Closed KeKs0r closed 4 months ago
Hi @KeKs0r , thanks for opening the issue. Let me think about it and come back to you.
In short, the main challenge is that MiniSearch internally uses short document IDs for various efficiency reasons. Currently, it does not keep a mapping from original ID to short ID (only the opposite way around), so it doesn't know how to add a field to an existing document identified by ID.
This can probably be implemented, making it possible to add or remove some fields to/from an existing document, but it should be done in a way that does not make the data structures much larger.
Note that updating in place instead, either whole document or just a field, will not possible. One has to first remove the old document (or field, if we implement this), then add the new one. While it can be cumbersome for the application developer to keep the old document around so it can be deleted, the alternative is worse: MiniSearch would have to copy each indexed field in each document (just referencing won't work, because the document can change in place), or at least keep the list of processed tokens for each indexed field, so it can de-index them upon removal/update. This would make MiniSearch use a lot more memory and be slower to index for everyone, even those who don't use this feature. It is also possible for application developers to implement it more efficiently, even though a bit cumbersome, by implementing some "copy on write" mechanism on the documents.

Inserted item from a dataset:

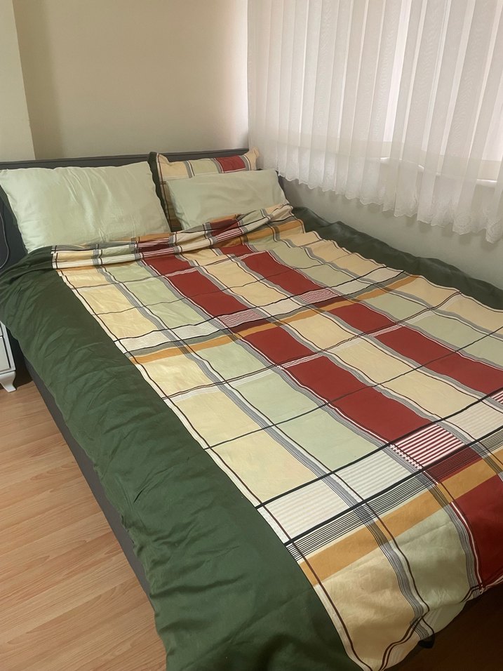 Koyu yeşil kenarlıklı, kırmızı, sarı ve krem renklerinde ekose desenli nevresım ve 4 adet yastık. İki adet oğlanla iki adet sade yeşil ve bir adet nevresimden oluşmaktadır iki yüze 220 cm ölçülerinde sadece çarşafı yoktur %100 pamuk satendir sadece bir kere yıkandı
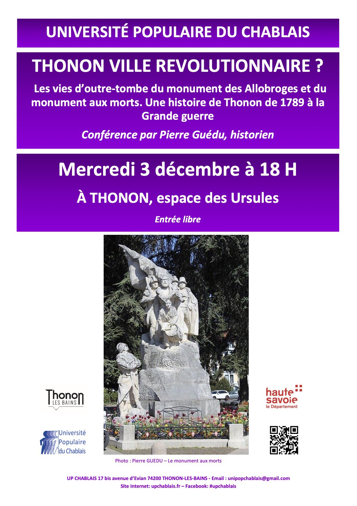 Le monument « aux Allobroges » et « monument aux morts »* de Thonon fait figure d’exception au niveau national : il nous propose de remonter le cours des siècles, de l’Antiquité celte allobroge à la Grande guerre en passant par l’épopée révolutionnaire, nous révélant la richesse et la complexité d’une histoire de Thonon souvent oubliée, guidée par des inscriptions pas toujours compréhensibles aujourd’hui :

I think keeping the "old" document around in this case is not an issue. This is already the case for "data changes" anyways. There are 2 changes in regards to Columns
Is the original ID -> short ID function a hash or is it random? Also if it has the mapping shortID -> original ID, it is maybe not as efficient, but maybe its fine to do a full lookup of ids, only for this use case. This way, it would not effect memory consumption for all other use cases.
The new version v6.0.0-beta.1
includes changes that would make this feature possible in the near future (at least adding a field). I will consider this for 6.1.0
.
Hi Luca,
I mentioned this single use case in another ticket, where we discussed several things: https://github.com/lucaong/minisearch/issues/106
I wanted to create a dedicated issue for this specific case. I am powering a filter/search of a table with minisearch. And users are able to add and remove columns from that table. the recreation of the index is quite the performance hit on that page and I am trying to make reindexing more performant on data changes. One of these scenarios is adding of a column. Currently I am creating a complete new index, just to add or remove a single field.
It would be great, if there is an api to add or remove a single field from the index. Or event doing it for every individual document with the current value of the field would be fine.